56. Celaka

10.7K 328 26
                                    

Perlahan, sungguh perlahan.

Riuh itu kian mendera.

Angan akan hadirnya seorang yang biasa mengisi mimpi, kini harus perlahan sirna.

Menyisakan kenangan yang seakan terus menghantui.

Dan itulah yang terus terulang di ingatan Bumi. Setiap harinya, bagaikan rekaman sebuah kaset kusut yang diulang berjuta kali, seperti itulah kenangan akan Ansara menghantuinya.

Di setiap sudut rumah megah yang ia sempat tinggali bersama Ansara, tersimpan kilasan cantiknya sang puan yang sempat terekam di ingatan Bumi. Di ingatan Bumi, Ansara terlihat penuh senyum.

Gadis itu memang selalu penuh cinta untuknya, menyambutnya dengan kasih sayang yang mungkin tak terhitung jumlahnya. Hanya selama ini, Bumi seakan memilih mengikatkan kain di sekitaran matanya, agar gelap, agar tak terlihat segala rupa cantiknya.

Senyumnya, elok tubuhnya, serta manis aromanya, adalah hal yang paling sulit hilang dari kepala Bumi hingga kini. Ansara adalah ciptaan tuhan yang spesial, yang dengan mudahnya meninggalkan jejak di benak orang yang gemar menghabiskan waktu dengannya.

Tak sanggup Bumi merangkum rasa, sebab nalarnya tak lagi ikut berjalan. Saking luasnya rasa rindu itu, Bumi seringkali menghabiskan waktu dengan berbaring di kasur yang bahkan masih meninggalkan samar aroma manis dari parfum yang Ansara sering kenakan.

Senyumnya pahit, sepahit rasa kopi yang sekarang tak terasa seenak dulu. Entah ramuan jenis apa yang Ansara campurkan ke racikan kopinya dulu, sebab setelah ia pergi, rasa kopi manapun tak ada yang bisa menyamai.

Menyesal.

Bumi sering sekali mendengar hal ini dulu. Dimana memang biasanya penyesalan akan datang belakangan. Karena jika tidak, maka mungkin sel penjara pun akan penuh saking banyaknya manusia yang menyadari kesalahan di awal.

Seperti dirinya sekarang, menyesal. Terlebih, ketika Ansara mengucap kata terlambat. Kata yang sejak dulu paling Bumi takuti. Sebab baginya, waktu adalah hal yang utama. Ajaran turun temurun yang hadir melalui Gepa itu, terus diterapkan dengan baik hingga ke sang cucu bungsu keluarga Dhiagatri.

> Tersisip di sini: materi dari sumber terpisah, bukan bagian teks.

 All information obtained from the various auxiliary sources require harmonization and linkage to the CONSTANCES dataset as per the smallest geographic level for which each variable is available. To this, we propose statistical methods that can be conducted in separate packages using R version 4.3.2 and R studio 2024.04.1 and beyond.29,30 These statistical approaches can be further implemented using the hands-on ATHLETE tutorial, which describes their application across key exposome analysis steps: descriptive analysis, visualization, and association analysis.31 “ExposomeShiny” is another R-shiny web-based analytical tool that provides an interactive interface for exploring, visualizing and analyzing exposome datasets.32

Bumi selalu memastikan semuanya berjalan sesuai rencana, terstruktur rapi, dan tidak ada yang tertinggal. Pantang baginya terlambat melakukan sesuatu, nyaris tidak mungkin bahkan. Tapi, Bumi sadar bahwa perkara kali ini, bukan seenteng masalah sehari-harinya.

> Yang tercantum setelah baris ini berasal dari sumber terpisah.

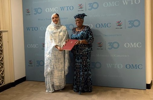 قدمت ممثلة موريتانيا الدائمة لدى مكتب الأمم المتحدة والمنظمات الدولية في جنيف عيشة فال فرجس، اليوم الاثنين، للمديرة العامة لمنظمة التجارة العالمية نغوزي أوكونجو-إيويالا، صك قبول موريتانيا لاتفاقية دعم مصايد الأسماك.

Nyatanya, ia selalu terlambat.

Terlambat menyadari, terlambat meyakinkan, dan terlambat mencintai.

Pernah dengar ungkapan she fell first, he fell deeper?

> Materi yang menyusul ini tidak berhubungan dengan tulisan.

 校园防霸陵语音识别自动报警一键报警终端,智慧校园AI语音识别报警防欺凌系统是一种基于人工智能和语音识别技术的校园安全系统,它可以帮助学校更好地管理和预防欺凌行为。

Mungkin itulah yang terjadi pada Bumi dan Ansara sekarang. Hanya saja, Bumi terlambat menyadari. Terlambat mengetahui bahwa isi hatinya sebenarnya sudah menyeruak sejak ia mengenal Ansara.

Lelaki itu berjalan gontai menuju ke ruang kerja. Tempat dimana tragedi menyakitkan itu terjadi. Ditatapnya amplop cokelat yang sudah lama tak tersentuh, yang Bumi ketahui isinya sebagai kelengkapan berkas perceraian mereka.

Baru hari ini, Bumi berani menyentuh lagi berkas tersebut. Berkontemplasi dengan dirinya sendiri akan apa hal yang bisa dilakukan.

Bumi terduduk disana, menghabiskan waktu nyaris seharian demi mencari satu kesimpulan dari rangkaian cerita yang harus ia lakukan segera. Siang berganti malam, malam pun nyaris bertemu kembali dengan pagi saat pada akhirnya Bumi memutuskan satu hal di benaknya.

Lelaki itu menatap kearah satu lembar yang harus ia tanda tangani, satu lembar yang bisa menyengerakan perceraian mereka jika keduanya bertanda tangan. Bumi tersenyum getir, hanya sejenak, sebelum tawanya meledak.